Many plants attract and reward pollinators with floral scents and nectar, respectively, but these traits can also incur fitness costs as they also attract herbivores. This dilemma, common to most flowering plants, could be solved by not producing nectar and/or scent, thereby cheating pollinators. Both nectar and scent are highly variable in native populations of coyote tobacco, Nicotiana attenuata, with some producing no nectar at all, uncorrelated with the tobacco's main floral attractant, benzylacetone. By silencing benzylacetone biosynthesis and nectar production in all combinations by RNAi, we experimentally uncouple these floral rewards/attractrants and measure their costs/benefits in the plant's native habitat and experimental tents. Both scent and nectar increase outcrossing rates for three, separately tested, pollinators and both traits increase oviposition by a hawkmoth herbivore, with nectar being more influential than scent. These results underscore that it makes little sense to study floral traits as if they only mediated pollination services.

Root jasmonic acid synthesis and perception regulate folivore-induced shoot metabolites and increase Nicotiana attenuata resistance.

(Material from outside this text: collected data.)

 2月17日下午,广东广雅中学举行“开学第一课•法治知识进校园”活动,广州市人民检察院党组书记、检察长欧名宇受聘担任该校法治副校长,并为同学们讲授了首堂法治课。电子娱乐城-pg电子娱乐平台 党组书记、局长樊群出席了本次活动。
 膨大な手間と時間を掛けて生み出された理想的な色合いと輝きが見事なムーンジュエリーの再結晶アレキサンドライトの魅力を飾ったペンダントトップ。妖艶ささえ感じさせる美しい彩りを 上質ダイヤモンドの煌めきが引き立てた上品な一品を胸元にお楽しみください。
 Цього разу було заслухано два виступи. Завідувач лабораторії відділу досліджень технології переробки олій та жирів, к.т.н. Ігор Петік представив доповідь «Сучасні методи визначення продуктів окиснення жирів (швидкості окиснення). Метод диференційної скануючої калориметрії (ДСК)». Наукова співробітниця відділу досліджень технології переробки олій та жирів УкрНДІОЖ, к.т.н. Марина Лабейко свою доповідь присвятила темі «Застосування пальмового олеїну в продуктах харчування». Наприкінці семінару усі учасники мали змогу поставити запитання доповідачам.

While jasmonic acid (JA) signaling is widely accepted as mediating plant resistance to herbivores, and the importance of the roots in plant defenses is recently being recognized, the role of root JA in the defense of above-ground parts remains unstudied. To restrict JA impairment to the roots, we micrografted wildtype Nicotiana attenuata shoots to the roots of transgenic plants impaired in JA signaling and evaluated ecologically relevant traits in the glasshouse and in nature. Root JA synthesis and perception are involved in regulating nicotine production in roots. Strikingly, systemic root JA regulated local leaf JA and abscisic acid (ABA) concentrations, which were associated with differences in nicotine transport from roots to leaves via the transpiration stream. Root JA signaling also regulated the accumulation of other shoot metabolites; together these account for differences in resistance against a generalist, Spodoptera littoralis, and a specialist herbivore, Manduca sexta. In N. attenuata's native habitat, silencing root JA synthesis increased the shoot damage inflicted by Empoasca leafhoppers, which are able to select natural jasmonate mutants. Silencing JA perception in roots also increased damage by Tupiocoris notatus. We conclude that attack from above-ground herbivores recruits root JA signaling to launch the full complement of plant defense responses.

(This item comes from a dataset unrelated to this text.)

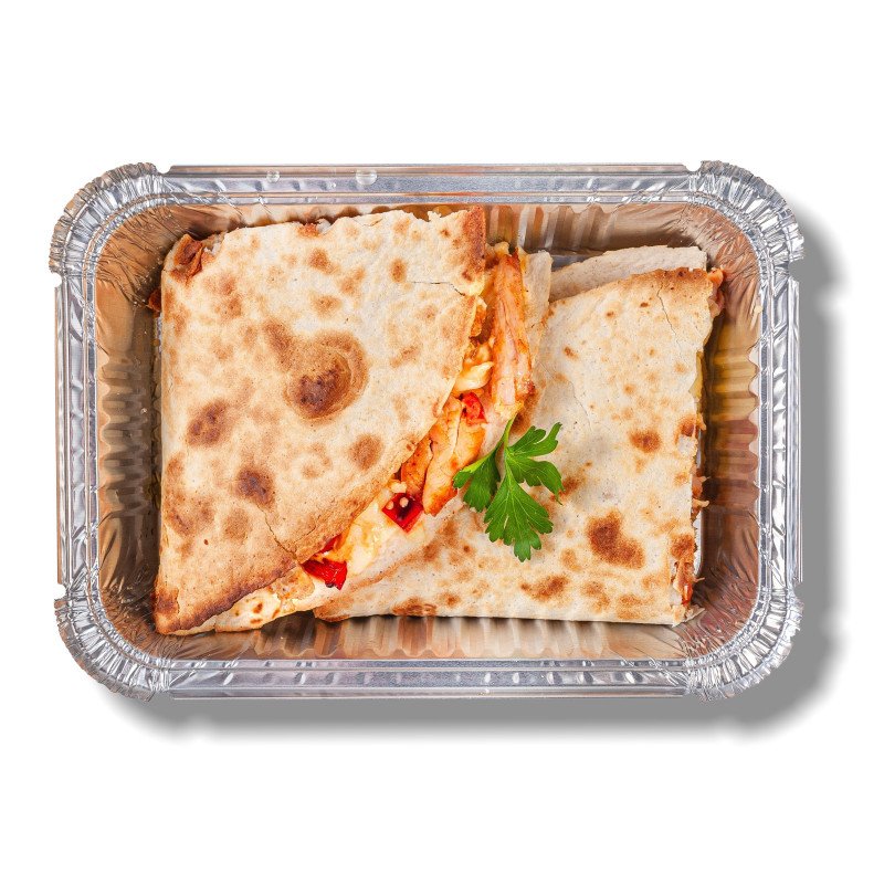 Классическая кесадилья в нашем исполнении. Запеченная тортилья с начинкой из рубленого шашлыка и обжаренных овощей на сливочно-томатной основе с добавлением сыров сулугуни и моцарелла.
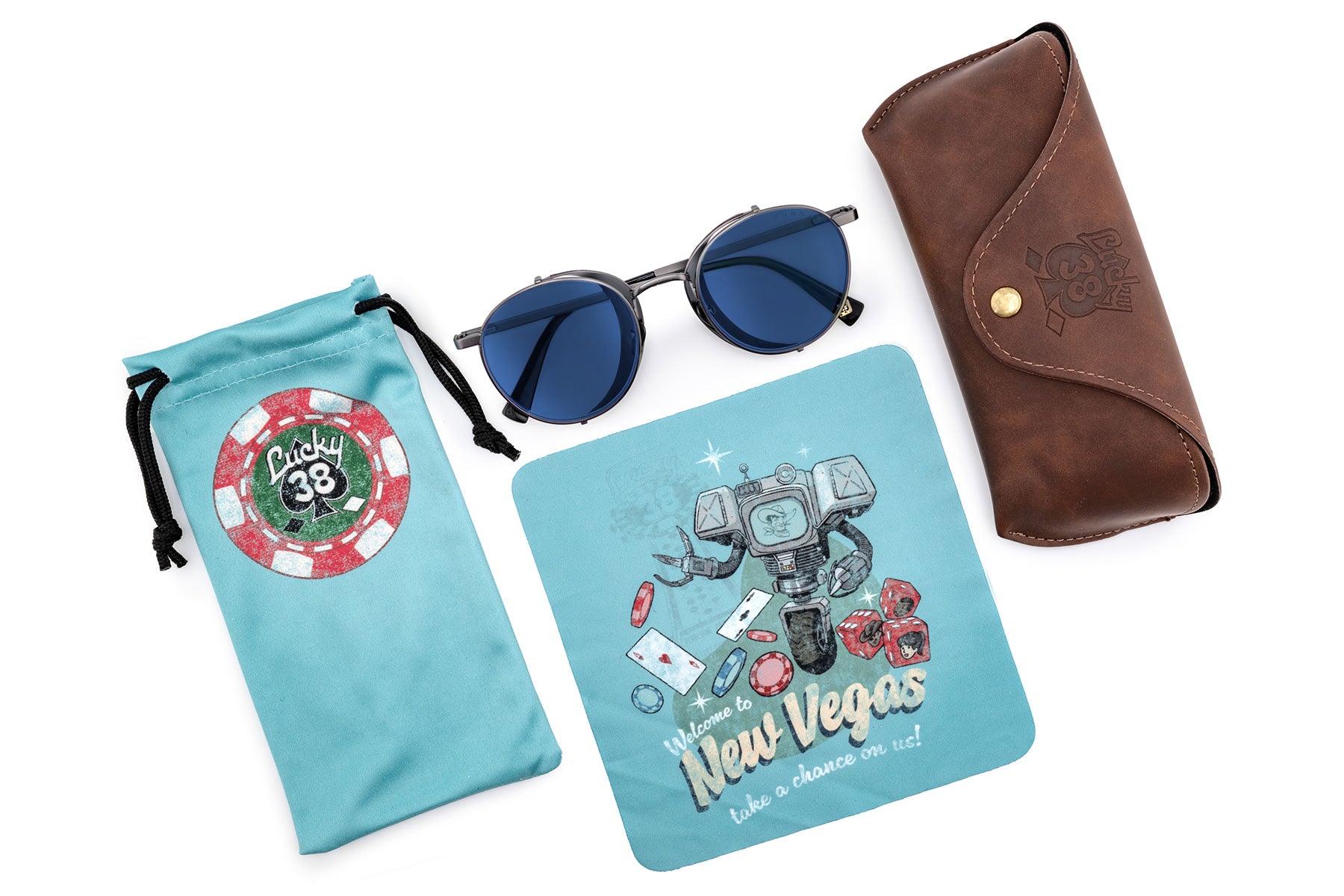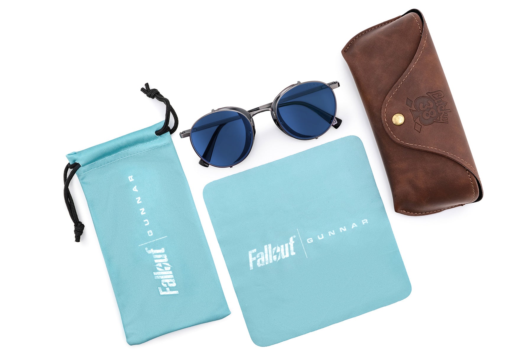 Step into the Mojave’s most iconic high-roller haven with the Fallout Lucky 38 glasses, the official collaboration inspired by the neon glamour and old-world charm of Amazon Studios’ Fallout TV series. These frames channel the vintage decadence and mysterious prestige of the Lucky 38 Casino, whose reputation echoes across the Wastelands. Designed with retro round lenses, silver accents, and premium removable leather side shields, the Lucky 38 brings the spirit of a bygone Vegas back to life equal parts luxury and wasteland grit. Powered by GUNNAR’s patented lens technology, the Lucky 38 glasses reduce digital eye strain, improve visual clarity, and block harmful blue light. Each pair includes exclusive Lucky 38 collectibles: a microfiber pouch, a custom microfiber cloth featuring a retro New Vegas aesthetic, and a premium leather snap case designed to feel like they were plucked straight from the casino’s hidden vaults.

Unpredictability of nectar nicotine promotes outcrossing by hummingbirds in Nicotiana attenuata.

Many plants use sophisticated strategies to maximize their reproductive success via outcrossing. Nicotiana attenuata flowers produce nectar with nicotine at concentrations that are repellent to hummingbirds, increasing the number of flowers visited per plant. In choice tests using native hummingbirds, we show that these important pollinators learn to tolerate high-nicotine nectar but prefer low-nicotine nectar, and show no signs of nicotine addiction. Nectar nicotine concentrations, unlike those of other vegetative tissues, are unpredictably variable among flowers, not only among populations, but also within populations, and even among flowers within an inflorescence. To evaluate whether variations in nectar nicotine concentrations increase outcrossing, polymorphic microsatellite markers, optimized to evaluate paternity in native N. attenuata populations, were used to compare outcrossing in plants silenced for expression of a biosynthetic gene for nicotine production (Napmt1/2) and in control empty vector plants, which were antherectomized and transplanted into native populations. When only exposed to hummingbird pollinators, seeds produced by flowers with nicotine in their nectar had a greater number of genetically different sires, compared to seeds from nicotine-free flowers. As the variation in nectar nicotine levels among flowers in an inflorescence decreased in N. attenuata plants silenced in various combinations of three Dicer-like (DCL) proteins, small RNAs are probably involved in the unpredictable variation in nectar nicotine levels within a plant.